Task »
Beginning with the line that contains "Аэрогриль, Kitfort, КТ-2294, Объем" and ending with the last line of the records, write out each line exactly and omit the pictures.

Stored data entries:

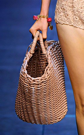 For a side dish, I wouldn’t mind one of Dolce’s ladylike straw (…is that wicker?) top handles, preferably in baby blue. Raffia and materials like it are set to be a big trend for spring and there’s nothing we can do to stop it, so we might as well embrace the designs that do it best. Perhaps because the brand has used woven materials in many of its bags for a number of seasons, Dolce & Gabbana’s straw options are better than most, with or without the added pieces of penne.
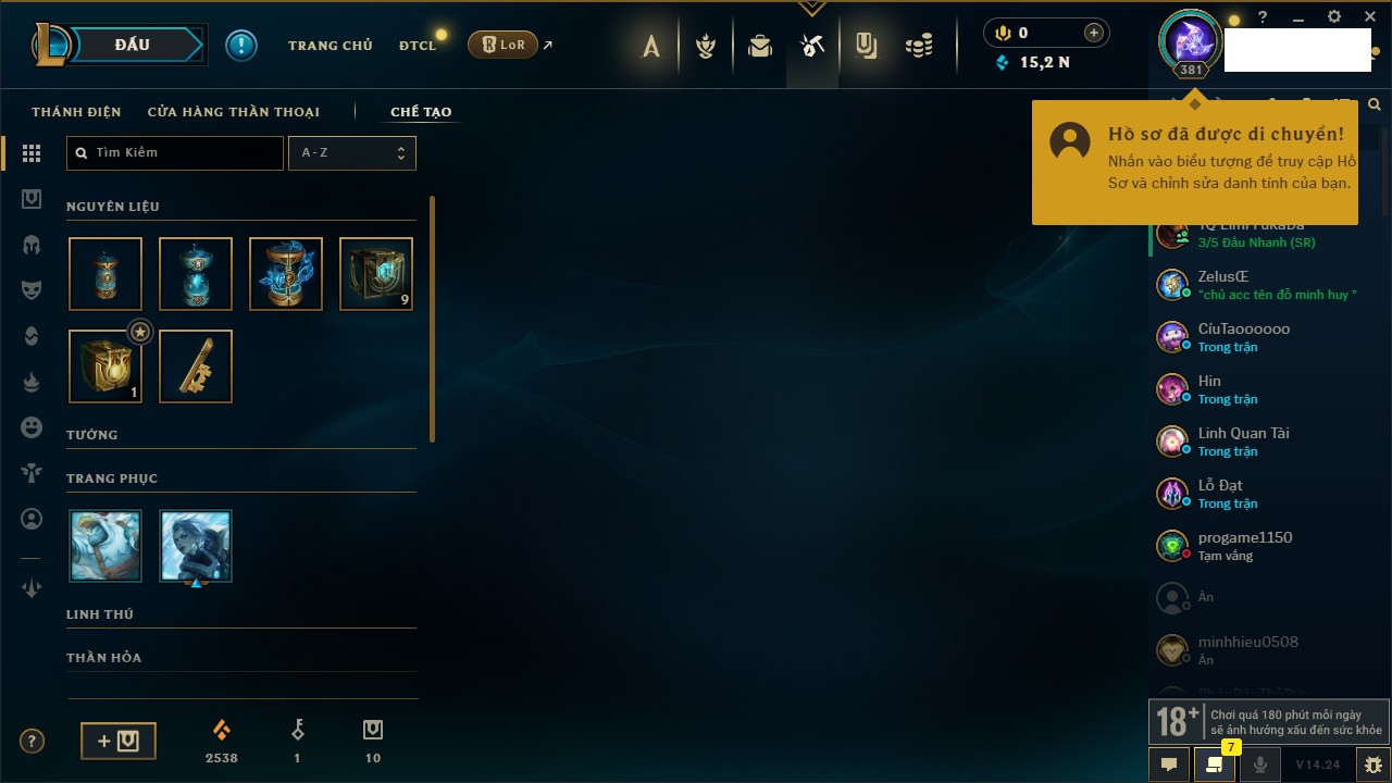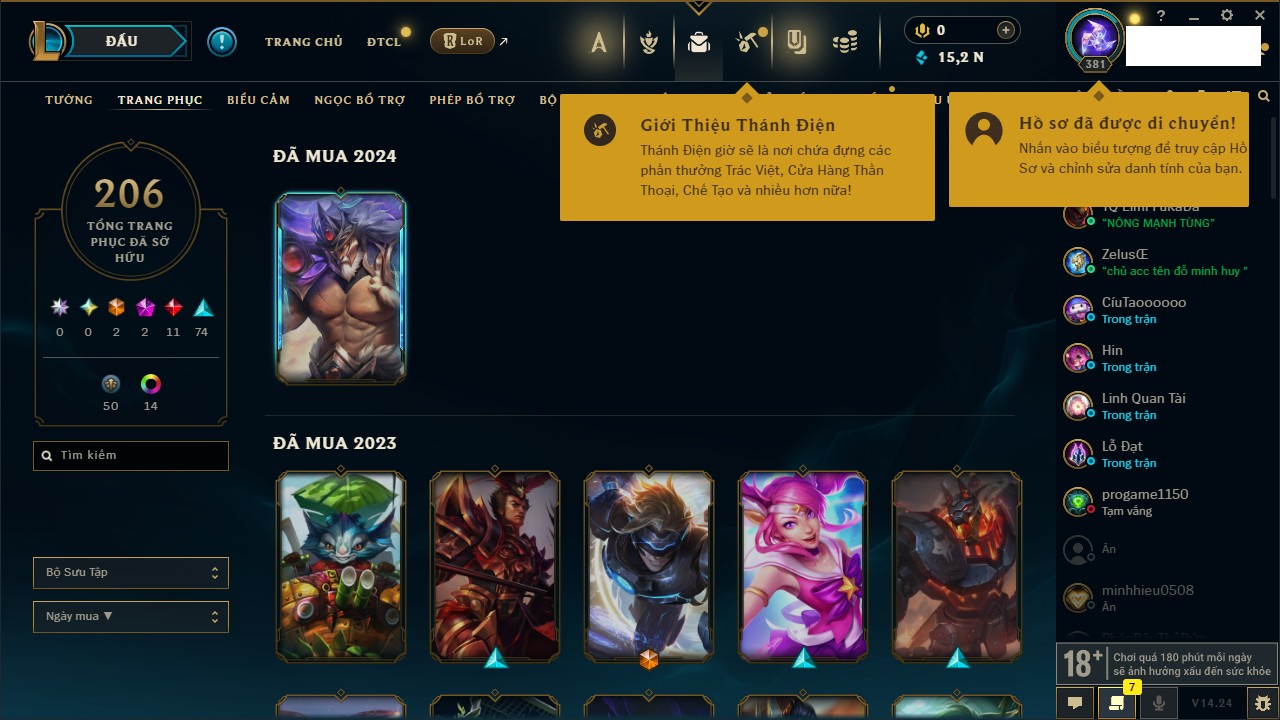 Rank Đơn: Vàng IVKhung: BạcTướng: 166 - Còn 180925 THXTrang Phục: 163Rank ĐTCL: Chưa RankLinh Thú: 67
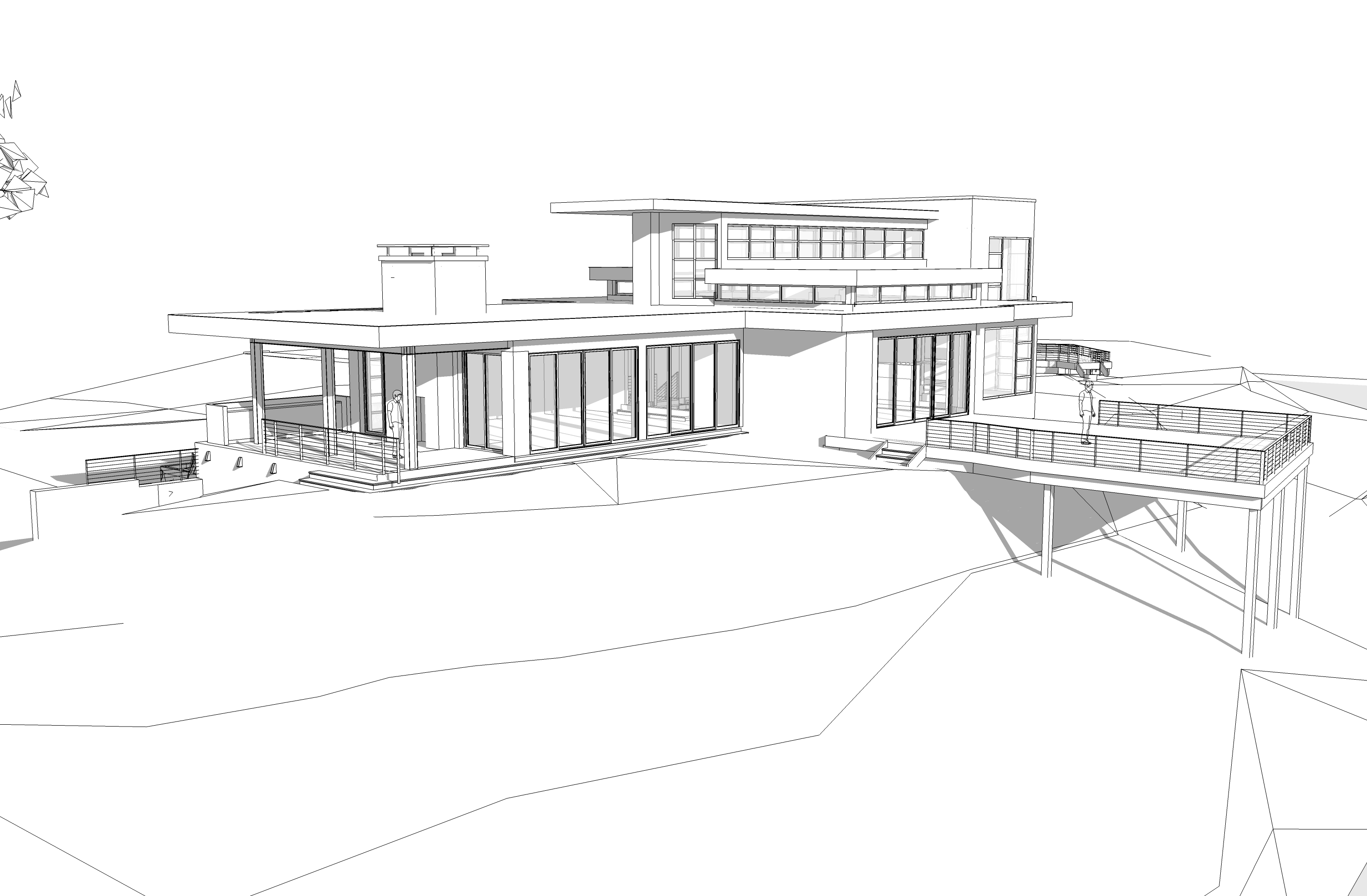 aerial view industrial home design matte wood vertical siding matte black panel accent walls lake in foreground trees in background
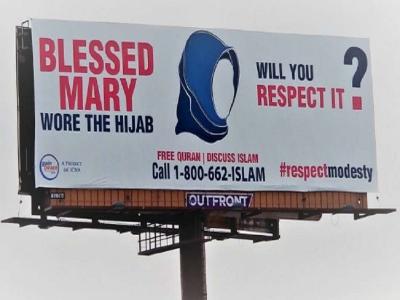 एक होर्डिंग में मैरी को हिजाब पहने हुए दिखाया गया है और लिखा है, ‘‘भाग्यशाली मैरी ने हिजाब पहना था। क्या आप इसका सम्मान करेंगे?’’
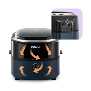 Аэрогриль, Kitfort, КТ-2294, Объем чаши 7л, 10 автоматических программ, Температура 80 — 200 °C, Сенсорное управление, Таймер, Мощность 1350 Вт, Длина шнура 0.8м, Синий
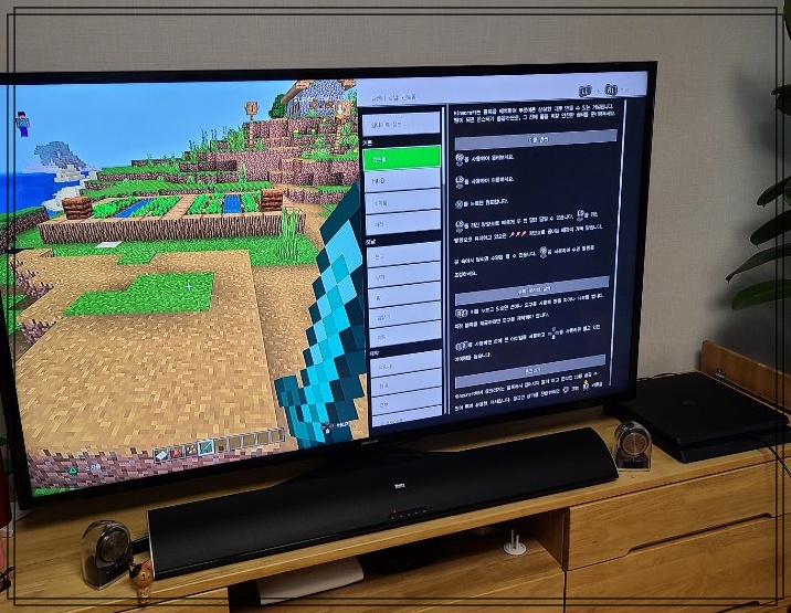 우리도 좀 해볼까~? 하고 아빠엄마도 게임기 앞에 앉아봤어요. 마인크래프트는 재미없어보여서 저희는 낵을 했는데...
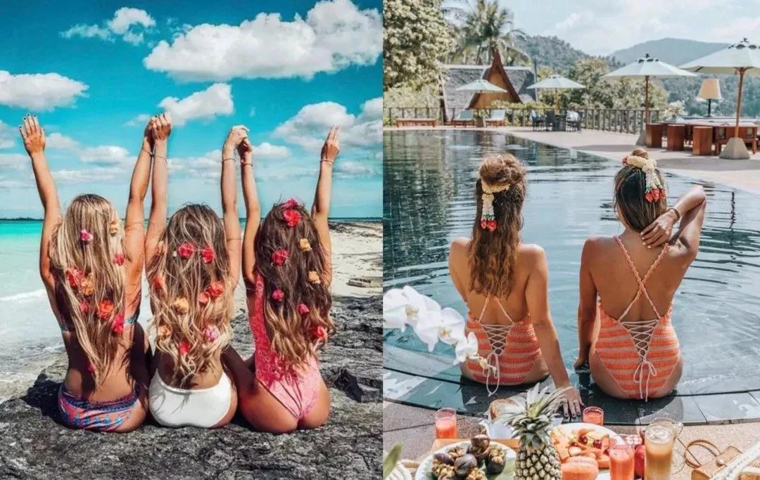 一个人拍背影略显孤独,叫上姐妹排排坐面朝泳池、大海就很美,都不用俢图了~▼
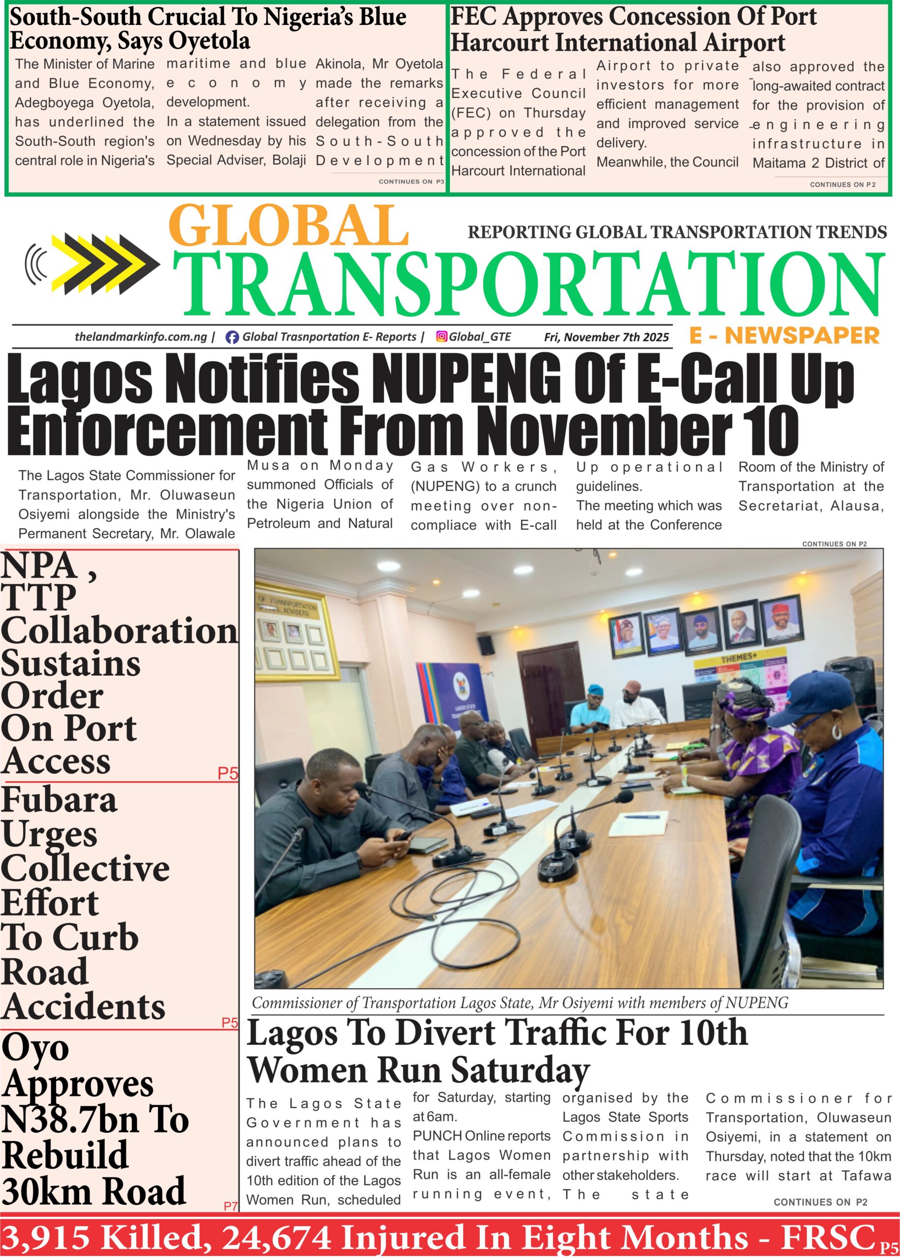Aviation General News Maritime Railway Road Transport SafetyGTe-Newspaper Online Today (7/11/25) admin5 months ago01 mins GTe-Newspaper, Friday 7th of November, 2025Download Post navigation Previous: Adron Homes’ Chair Commends Oyo State Real Estate Reforms, Urges Policy ContinuityNext: TRACE Firms Up Road Safety Advocacy With Foundation Laying Of Enlightenment Centre In Ota Leave a Reply Cancel replyYour email address will not be published. Required fields are marked *Comment * Name * Email * Website Save my name, email, and website in this browser for the next time I comment.

Response to this task »
 Аэрогриль, Kitfort, КТ-2294, Объем чаши 7л, 10 автоматических программ, Температура 80 — 200 °C, Сенсорное управление, Таймер, Мощность 1350 Вт, Длина шнура 0.8м, Синий
 우리도 좀 해볼까~? 하고 아빠엄마도 게임기 앞에 앉아봤어요. 마인크래프트는 재미없어보여서 저희는 낵을 했는데...
 一个人拍背影略显孤独,叫上姐妹排排坐面朝泳池、大海就很美,都不用俢图了~▼
Aviation General News Maritime Railway Road Transport SafetyGTe-Newspaper Online Today (7/11/25) admin5 months ago01 mins GTe-Newspaper, Friday 7th of November, 2025Download Post navigation Previous: Adron Homes’ Chair Commends Oyo State Real Estate Reforms, Urges Policy ContinuityNext: TRACE Firms Up Road Safety Advocacy With Foundation Laying Of Enlightenment Centre In Ota Leave a Reply Cancel replyYour email address will not be published. Required fields are marked *Comment * Name * Email * Website Save my name, email, and website in this browser for the next time I comment.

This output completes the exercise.